I am new and like to say hello here's my catch from Sunday 11/25/18. The wife and I caught a good variety of legal edible fish. if pic doesn't post i will try again.


----------



## GROUPERKING

Very nice ! You got some of everything !

Sent from my SM-G955U using Tapatalk


----------



## Capnmichael

Nice catch! What time of day were you out there?


----------



## FLfishcatcher

*time of day*

I fished from 6:30 AM until about 9:00 AM there was a good cut in the sandbar with an out going water. It was on Okaloosa Island.


----------



## Achim2

Welcome to the Forum! Nice mess of good table fair !


----------



## Capnmichael

FLfishcatcher said:


> I fished from 6:30 AM until about 9:00 AM there was a good cut in the sandbar with an out going water. It was on Okaloosa Island.


I was out from 6-10am on Sunday on the island too and I thought I had found a decent hole on the side of a point but I guess not! You hit the money hole


----------



## FLfishcatcher

*your right*

I found the jackpot. I used peeled dead shrimp for bait. i was shocked at the amount and the variety of fish. reds were 25" and 19".


----------



## SurfFishingMeister

That was a fantastic day!!!! I always wanted to fish on Okalossa Island close to the Destin Pass.


----------



## cdean2

FLfishcatcher was that you at John Beasley Park? If so I was a guy with the bait launcher

Sent from my SM-G930VL using Tapatalk


----------



## FLfishcatcher

*guy at beasley*

Yes that was me. How did you do?


----------



## cdean2

Diddnt catch a fish. Diddnt have any bites at all that I could see. The bait on the launcher had been nibbled on the tail end. Figured from crabs.. had the clam fish bites also but guess they were not having it.

Sent from my SM-G930VL using Tapatalk


----------



## Bamaprttyboy2

*nyce!*



FLfishcatcher said:


> I am new and like to say hello here's my catch from Sunday 11/25/18. The wife and I caught a good variety of legal edible fish. if pic doesn't post i will try again.

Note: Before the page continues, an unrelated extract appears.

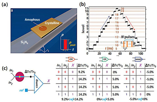 Apart from the above, phase-change memories can also be used optically to realize Boolean logic functions [131] (see Figure 13). This novel all-photonic device uses GST media as the active layer, coated with an ITO (Indium Tin Oxide) film to protect it from oxidation. These two layers are deposited over a half-etched waveguide on a Si3N4 substrate that is optimized for single mode operations. To record data, an intense light is propagated through the waveguide and the resulting energy, particularly the evanescent electric field, is partly absorbed by the GST media. The required phase transition can therefore be accomplished once the temperature inside the GST media reaches either ~400 °C for fast crystallization or melting point for amorphization. The readout mechanism for this photonic device relies on the significant difference in the refractive index between the crystalline and amorphous phases. Experimental results show that amorphous GST has a lower attenuation and higher light transmission than its crystalline phase. Thus, the device transmission coefficient, measured by a low power optical pulse, is significantly enhanced when forming the amorphous element, whereas a lower transmission coefficient is detected when producing a crystalline one. If this mechanism is adopted, a series of device transmission values can be obtained by continuously changing the magnitude and width of the optical excitation, enabling multi-level recording. Optical pulses with three different widths can be set as ‘reset’, ‘input 0’, and ‘input 1’. To perform logic operations, the device can initially be reset to a pre-defined transmission value using a reset signal. This pre-defined transmission value will remain unchanged unless the two input signals include at least one input value of ‘1’. ‘OR’ logic can be thus be realized by using a reference transmission between the pre-defined value and the one resulting from an input ‘1’ signal.
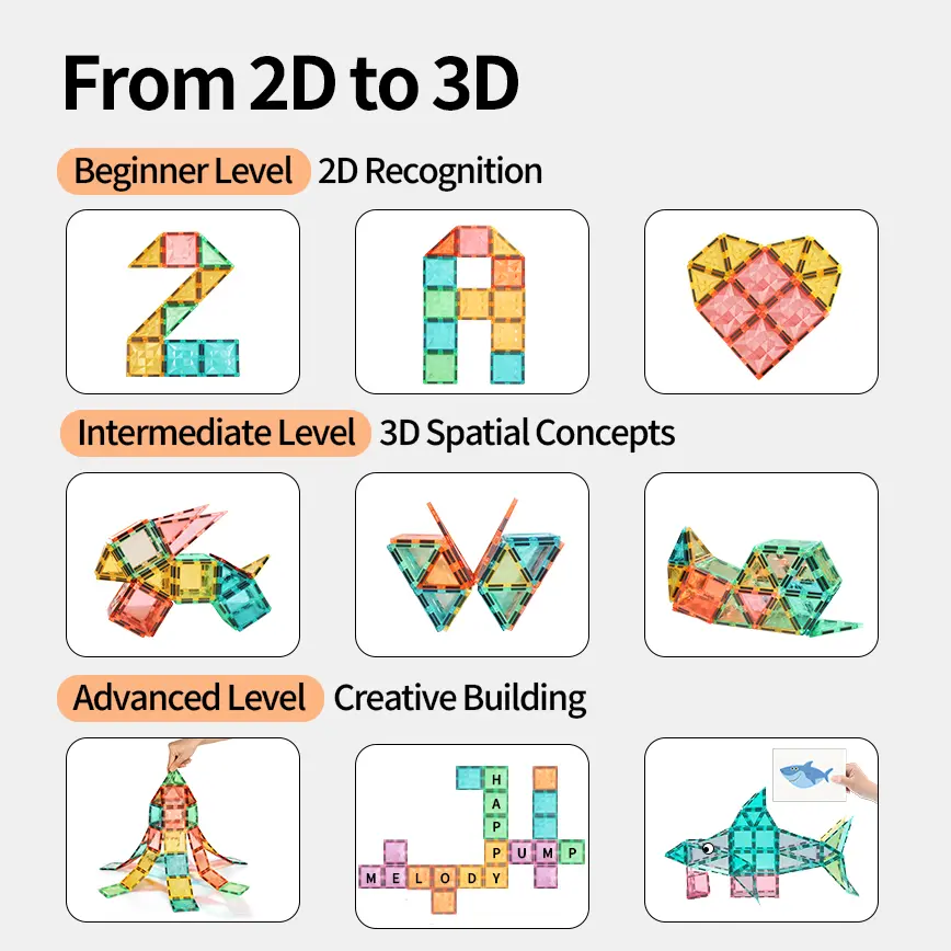 • The magnetic tiles are designed as preschool toys, promoting Montessori educational methods. They help in developing fine motor skills and cognitive abilities. Safe for young children, these toys are a wonderful way to engage kids in safe creativity.

Nice catch! That's a nice dinner you got there.


----------



## FLfishcatcher

The fishing that i usually do in the surf turned into catching this day. We made a meal for our family out of these. I feel lucky to have caught this many and such variety in one spot. good luck to all.


----------



## FLfishcatcher

that was one of my best short trips of surf fishing lately.


----------